È suonata l'ultima campanella e, come ogni anno, ha liberato un'ondata di entusiasmo contagioso. Nei giorni scorsi milioni di studentesse e studenti hanno salutato le aule tra applausi, abbracci e selfie di classe, mentre fuori dai cancelli andava in scena la tradizionale esplosione di gioia che accompagna la fine dell'anno scolastico. Solo in Toscana, secondo i dati riportati dalla stampa locale, sono circa 437mila gli alunni di primarie e secondarie che hanno iniziato ufficialmente l'estate. Ma c'è anche un'altra Italia che si mette in moto: quella delle valigie.

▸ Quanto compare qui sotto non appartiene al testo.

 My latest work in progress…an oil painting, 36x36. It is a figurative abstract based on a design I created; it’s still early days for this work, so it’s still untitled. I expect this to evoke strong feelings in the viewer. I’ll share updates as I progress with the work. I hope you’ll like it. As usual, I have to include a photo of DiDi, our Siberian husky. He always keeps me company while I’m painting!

La festa dell'ultimo giorno
I rituali si tramandano di generazione in generazione: cori nei corridoi, fogli lanciati in aria, magliette bianche da far firmare ai compagni e, immancabili, i gavettoni e la farina davanti alla scuola. Da Nord a Sud la mattinata dell'ultimo giorno è stata scandita da emozioni e piccoli gesti collettivi, complice anche un calendario scolastico che, regione per regione, ha fissato la chiusura delle lezioni tra l'inizio e la metà di giugno. Per molti, dietro l'allegria, c'è anche una venatura più tenera: la consapevolezza che quei banchi, quei compagni e perfino quei professori stanno per diventare un ricordo.

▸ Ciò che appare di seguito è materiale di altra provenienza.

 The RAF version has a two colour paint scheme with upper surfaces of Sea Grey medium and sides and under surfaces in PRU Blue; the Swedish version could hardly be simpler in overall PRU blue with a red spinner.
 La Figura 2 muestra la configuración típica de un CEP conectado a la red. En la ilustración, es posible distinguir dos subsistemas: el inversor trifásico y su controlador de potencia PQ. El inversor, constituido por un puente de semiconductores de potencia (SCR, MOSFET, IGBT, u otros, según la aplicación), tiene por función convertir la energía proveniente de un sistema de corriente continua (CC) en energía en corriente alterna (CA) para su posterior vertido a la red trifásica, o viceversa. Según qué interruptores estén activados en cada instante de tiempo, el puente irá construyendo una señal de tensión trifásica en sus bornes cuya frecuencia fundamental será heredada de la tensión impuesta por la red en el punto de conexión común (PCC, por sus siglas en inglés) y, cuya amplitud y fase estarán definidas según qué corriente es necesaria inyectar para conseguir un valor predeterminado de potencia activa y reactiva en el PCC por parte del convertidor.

Per i maturandi la festa dura poco
C'è però chi non può ancora abbassare la guardia. Per gli studenti dell'ultimo anno delle superiori la fine delle lezioni segna l'avvio del conto alla rovescia verso l'esame di maturità. La prima prova scritta, l'italiano uguale per tutti a livello nazionale, è fissata per giovedì 18 giugno alle 8:30; il giorno seguente toccherà alla seconda prova, sulla disciplina caratterizzante dell'indirizzo, poi arriveranno i colloqui orali. Per i maturandi, insomma, l'ultima campanella ha un sapore diverso: metà liberazione e metà ansia, con la festa rimandata a esame concluso.

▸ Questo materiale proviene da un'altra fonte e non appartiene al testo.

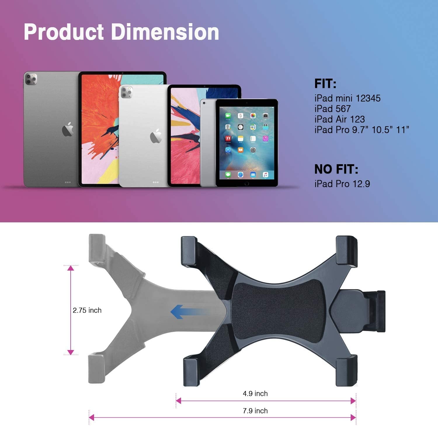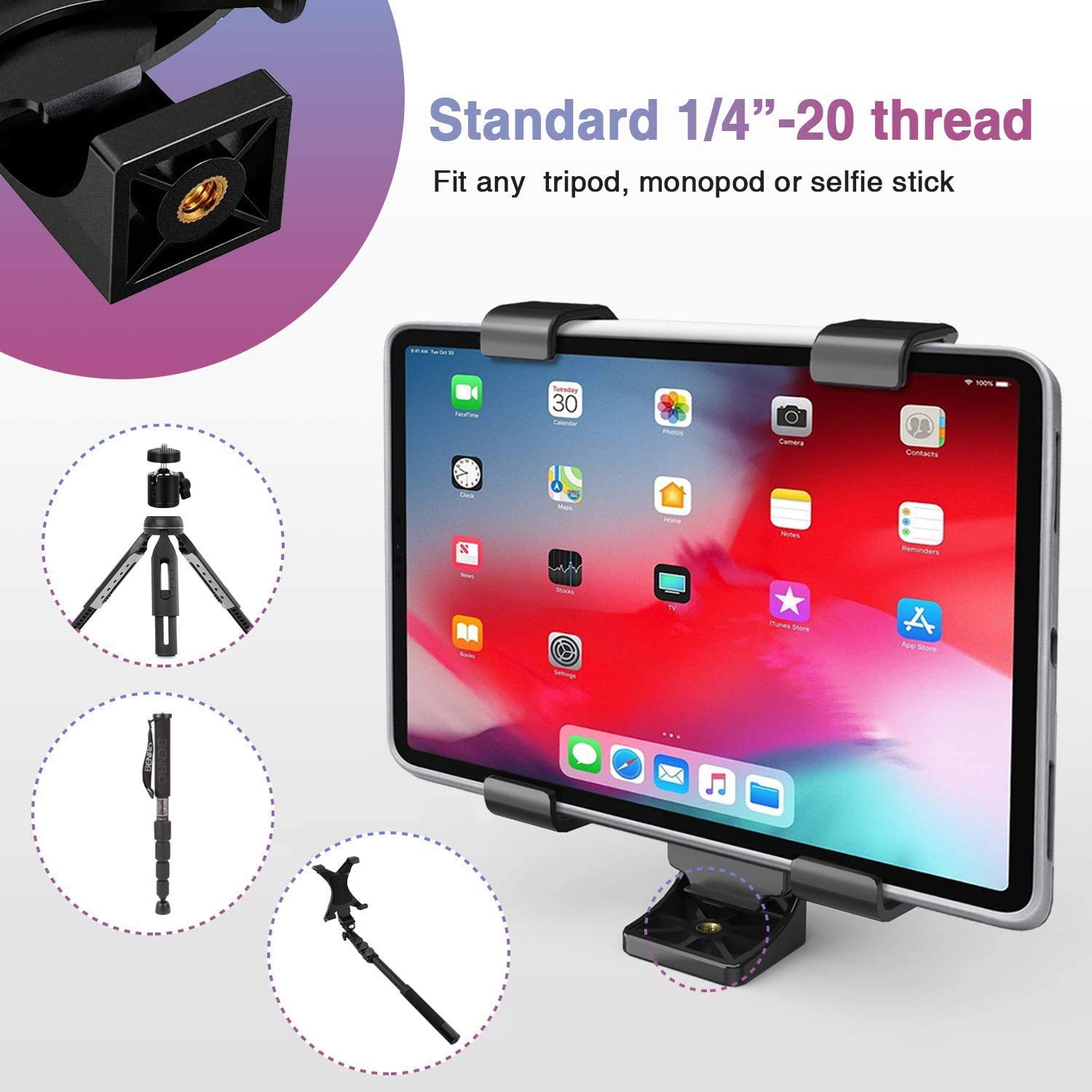 - ✅Universal Compatibility -- The adjustable tablet tripod mount fits any device with 4.9-7.9in width and 0.7in thickness, such as all iPad models (except iPad Pro 12.9"), kindle fire, Samsung Tab, Microsoft surface. Even can be used for cell phone which of width is longer than 2.75in
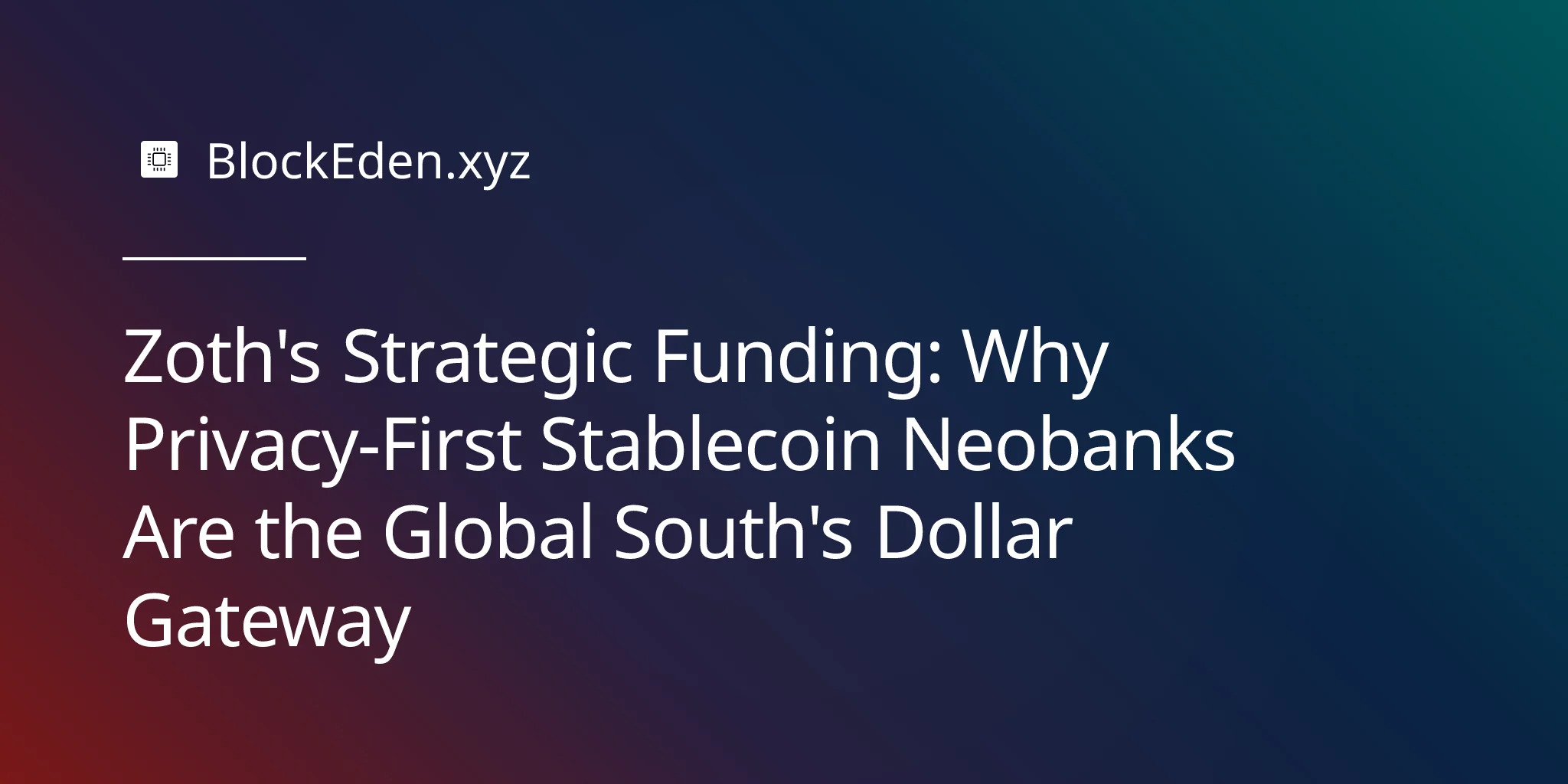 If Zoth succeeds, it won't just be a successful fintech startup. It will represent a fundamental shift in global financial architecture:
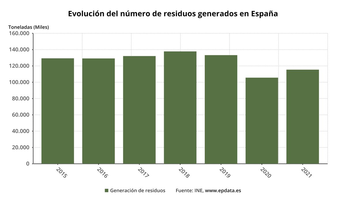 La economía española generó 115,4 millones de toneladas de residuos en 2021, lo que supone un 9,3 por ciento más que el año anterior, mientras que la tasa de reciclaje se elevó un 4,5 por ciento en ese año, hasta los 49,4 millones de toneladas de residuos recicladas, según las Cuentas ambientales del Instituto Nacional de Estadística (INE).
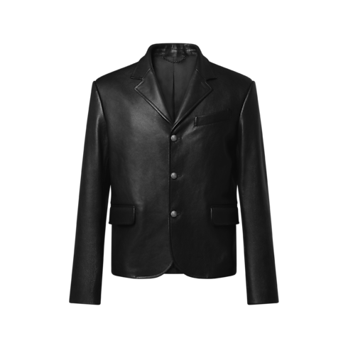 This sleek black leather jacket is both timeless and contemporary. Tailored from fine bull leather, the single-breasted style makes a versatile silhouette for styling with both casual and formal looks. This piece is signed with a leather Marque L.Vuitton Déposée patch on the back, and can be paired with matching leather pants for a moody modern twist on the suit.

Finita la scuola, partono le vacanze
Alla campanella di fine anno si lega da sempre il primo grande movimento turistico dell'estate. Secondo un'indagine realizzata da Tecnè per Federalberghi, saranno circa 16 milioni gli italiani pronti a partire in concomitanza con la conclusione dell'anno scolastico 2025/2026. Di questi, quasi 5 milioni sono minori: famiglie che approfittano della fine della scuola per concedersi una pausa, spesso badando ai costi e scegliendo il mese di giugno proprio per questo.
Il quadro tracciato dall'indagine racconta un turismo prevalentemente "di prossimità": la gran parte delle partenze avverrà in auto e si orienterà soprattutto verso mete italiane, con il mare in testa alle preferenze, seguito da montagna, città d'arte e laghi. Solo una quota minoritaria sceglierà l'estero, in particolare le grandi capitali europee. Un movimento che conferma quanto il calendario scolastico incida sull'organizzazione delle famiglie e sull'avvio della stagione turistica.
Un rito che si ripete
Tra video condivisi sui social, "walk out" di classe e magliette ricordo, la fine della scuola resta uno di quei momenti collettivi che uniscono generazioni diverse. Cambiano i linguaggi — oggi è tutto filmato e postato in tempo reale — ma la sostanza è la stessa di sempre: la gioia per le vacanze in arrivo e, sotto sotto, un pizzico di nostalgia per l'anno che si chiude. Per i più piccoli c'è il saluto ai compagni e ai maestri; per chi passa a un nuovo ciclo, l'attesa di una scuola diversa a settembre.
Appuntamento a settembre
Per la maggior parte degli studenti, ora, si apre la lunga parentesi estiva fatta di giornate al mare, centri estivi e mattine senza sveglia. Il prossimo appuntamento con la campanella è già fissato dai calendari regionali per la metà di settembre. Prima, però, resta da scrivere l'ultima pagina di questo anno scolastico: quella dei maturandi, attesi dal 18 giugno alla prova che chiude davvero il loro percorso. A loro, più che a tutti, va l'augurio di una buona estate — ma solo dopo l'orale.